There can be a lot to think about when managing your medication regime. Here we share some top tips for getting to grips with your Parkinson’s drugs.
Message in a Bottle is a free scheme designed to help alert emergency services to your condition if they need to enter your property in an emergency situation. You record basic medical details and emergency contact numbers on a form and keep it in a bottle in the fridge. You then put a green sticker on your fridge door, and another on the inside of your front door, so emergency services know you are part of the scheme. Speak to your pharmacist or GP about getting a kit.
"Have something like porridge with almond milk for your breakfast as it doesn’t contain as much protein, so your levodopa medication can get into your brain more easily."
Timed pill boxes
“My gran uses a timed pill box which sounds an alarm when she is due to take her next round of medication. She tops it up every night ready for the next day. It really helps her get her medication on time.”
Order one of our Parkinson’s UK wash bags to remind ward staff you need your medication on time. It comes with information about going into hospital when you have Parkinson’s and a medication card so you can keep a record of what you take. Find out more on our online shop.
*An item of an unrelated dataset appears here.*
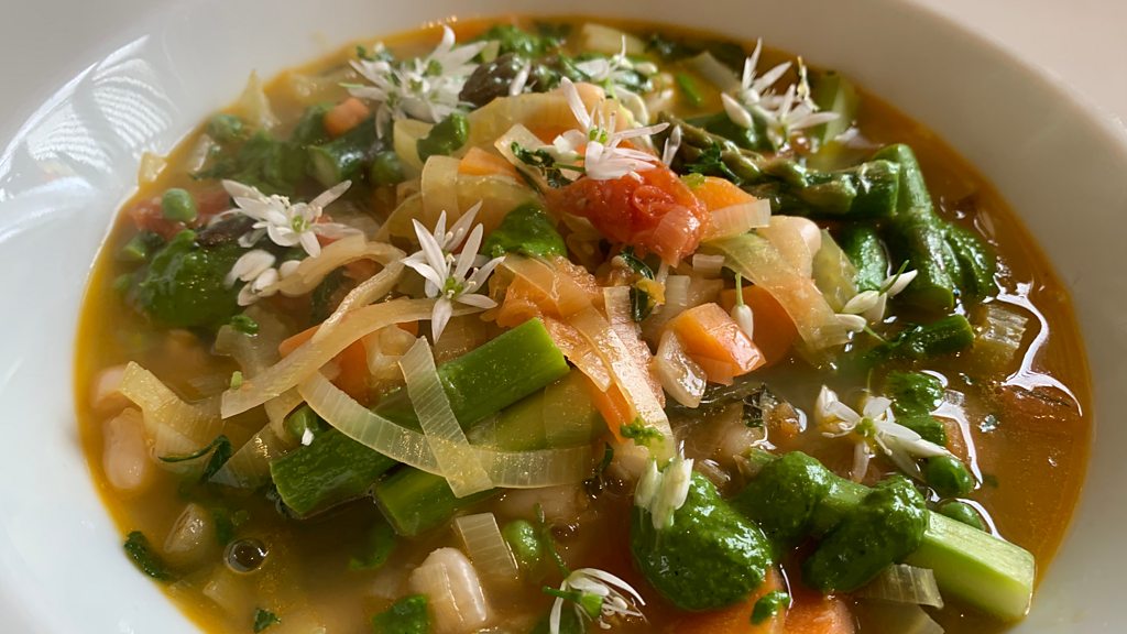 Spring Pistou soup (serves up to 4 smaller bowls) This is based on a French classic of Pistou soup but I have added a spring like twist to it by adding in British asparagus and also wild garlic that are bang in season now. Plus adding other herbs to give it that more fresh spring like taste. A very light dish packed with goodness that’s simple to do and also inexpensive. Ingredients:- - A good glug of British cold pressed rapeseed oil or olive oil - 1 carrot diced into fine chunks - 1 celery stick sliced finely - 1 leek sliced finely - Approximately 10 cherry style tomatoes (I used piccolo ones on the vine) - 3/4 of a 400g tin of cannellini beans drained and rinsed in cold water - 3/4 of a gel pot of chicken stock or vegetable if you wish - Approximately 600ml of water - A bunch of British asparagus, wooded bottom taken off and for an inch peel off also and chop into 3 chunks. - A good handful or 2 of frozen British petit pois peas, defrosted and drained - A small handful of fresh mint and fresh flat leaf parsley chopped finely - For the Pistou:- - A good handful of fresh basil - Two big handfuls of wild garlic leaves - 2 big glugs of the same oil used ie the rapeseed oil and blend all together into a bright green pesto (Pistou) like paste (if you can’t get hold of wild garlic you can use 4 cloves of fresh garlic puréed and could use some basil pesto to bulk it out). Method:- - In a large saucepan bring your oil up to a medium heat and add in the celery, carrot and leek and sweat down for a few minutes. - Add in the tomatoes stiring not to catch anything to burn at all. - Then add in your chicken stock and water and stir. Cook for a couple of minutes - Add in your cannellini beans and cook for a further approximately 7-8 minutes - In the meantime blitz your Pistou together - Then add your Asparagus and cook for 2 minutes and then add your peas - Finish with your chopped mint and parsley and drizzle your Pistou. If you do have wild garlic and have some flowers finish on top also . And voila!

“I really like the Medisafe app on my phone. I take quite the collection of medication each day, from five doses of Parkinson’s tablets to pills for HRT, melatonin and blood pressure. I also take antidepressants. The Medisafe app reminds me to take it all. It’s great because you can set famous ringtones with spoken reminders, such as Morgan Freeman, Dr Evil or Star Wars. It adds an element of fun to it.”
A MedicAlert bracelet or pendant is a piece of jewellery that provides contact details and medical information, including what medications you are taking. It can be helpful if you are not able to communicate in an emergency.
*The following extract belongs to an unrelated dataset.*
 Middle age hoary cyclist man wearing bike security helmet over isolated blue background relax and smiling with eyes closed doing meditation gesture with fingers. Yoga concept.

Many mobile phones have a medical ID page. You can record details about medication you take as well as emergency contact information. The emergency services can access this screen without needing to log into your phone.
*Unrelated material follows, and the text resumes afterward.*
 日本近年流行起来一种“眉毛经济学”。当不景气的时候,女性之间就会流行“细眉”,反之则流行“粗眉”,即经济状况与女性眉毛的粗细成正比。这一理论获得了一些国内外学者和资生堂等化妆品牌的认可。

“When you are travelling, check the rules of the country you are going to. In many places you have to declare the medication you are taking in. This is important if you’re going away for a while as you’ll need plenty of medication to manage your Parkinson’s on your trip.”
“I take my madopar dispersible medication with carbonated water as it helps it get into the stomach more quickly. It works a treat.”
“Consider carrying a card in your wallet or purse that says you have Parkinson’s and lists medication times and doses, plus the name and phone number of your doctor. My husband has a home-made one, but you could print out and use the Parkinson’s UK medication card.”
Person with Parkinson’s on our online forum.